**Brief**
Skip the pictures. Transcribe exactly the lines from the line containing "3 1/2 inch heels" to the end of the listing.

*** Given data Section Begins ***

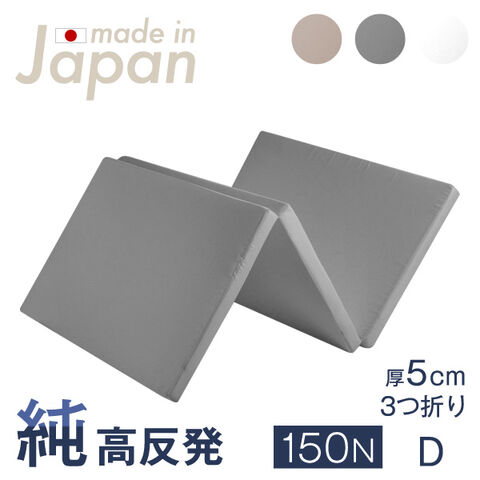 国産 純高反発 マットレス ダブル 5cm 三つ折り 高品質 硬め 150N 日本製 高反発 ウレタンマット ウレタン ベッドマットレス ベッドマット マット 3つ折り 折りたたみ 折り畳み 固め 厚め 厚手 軽量 23300039 〔グレー〕
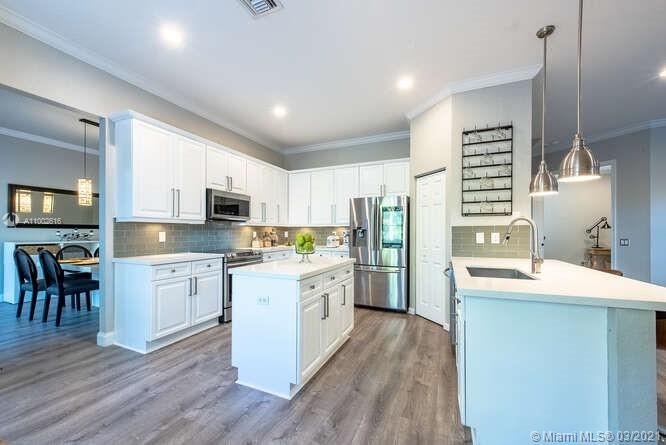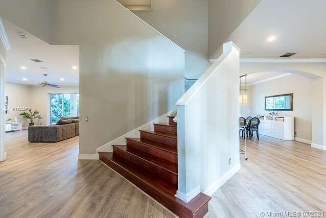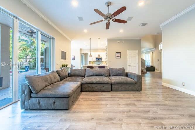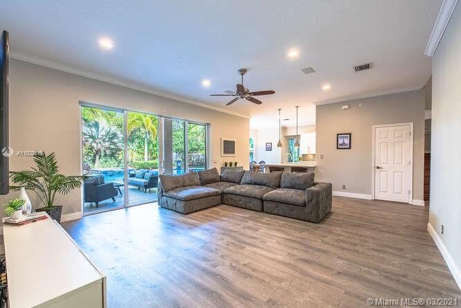 Outstanding Weston Pool Home! Move-in ready with new wood floors throughout. Open floor plan features formal living, dining, and family room. The kitchen is a chef's delight with an island and eat-in area. Super light and bright. The backyard is a tropical paradise with a spa pool and fountains flowing giving a Zen experience in your own home. Upstairs landing has an open area for work or play space. The expansive master bedroom has a separate room to create a yoga room, office or nursery. Double walk-in closets with custom built-in storage. This home is perfect for a work at home environment or a growing family. Great Savanna Community with two gated entries. Resort-style community pool and club house. Enjoy the Florida lifestyle!
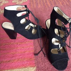 3 1/2 inch heels lace up open toe shoes. Cute for going out or any occasion.
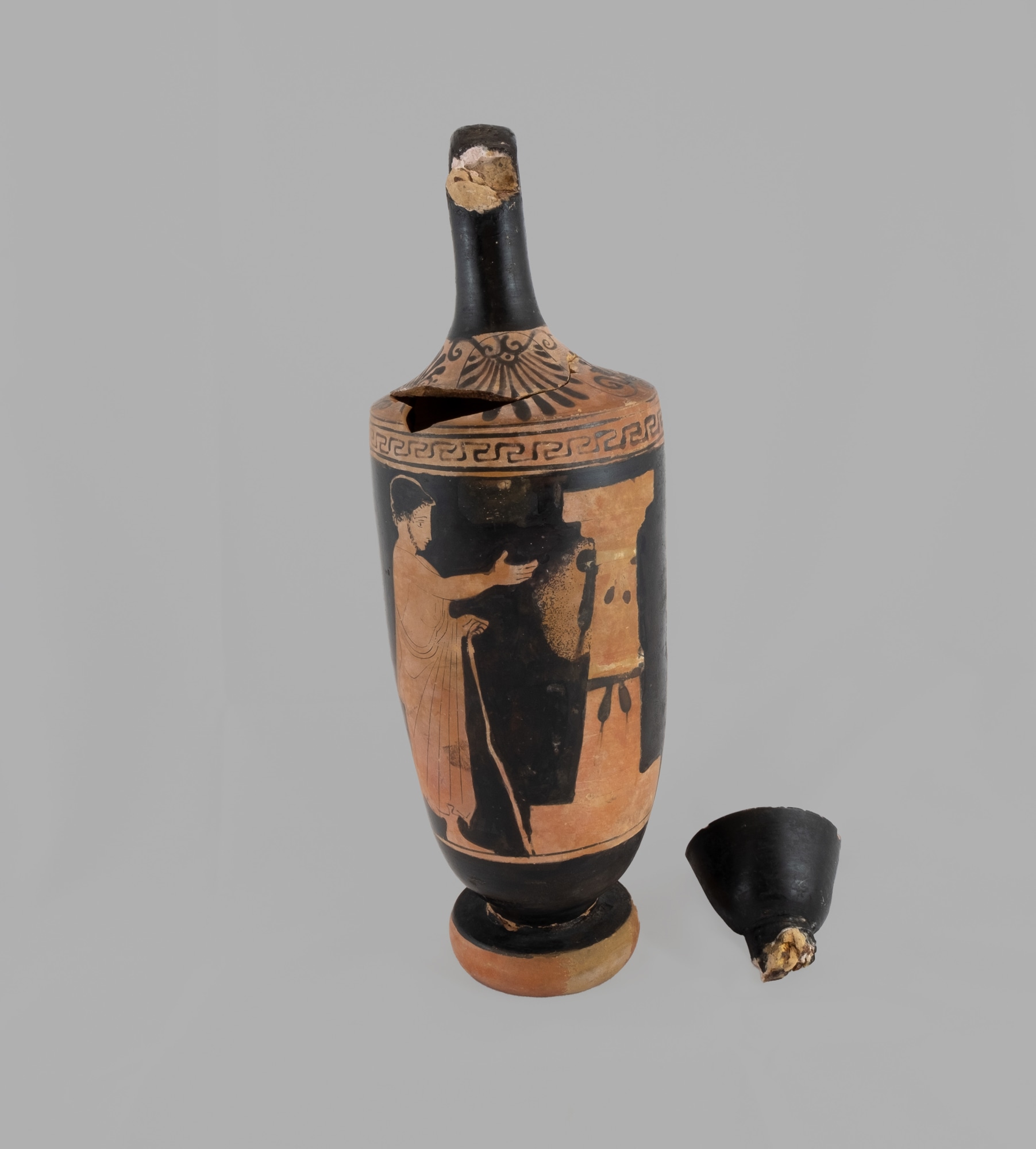 Youth, holding walking staff and draped in a himation, advances toward a large columnar stele, wrapped with black and white tainai. Classical Greek, Attica.

*** Given data Section Ends ***

**Expected answer**
 3 1/2 inch heels lace up open toe shoes. Cute for going out or any occasion.
 Youth, holding walking staff and draped in a himation, advances toward a large columnar stele, wrapped with black and white tainai. Classical Greek, Attica.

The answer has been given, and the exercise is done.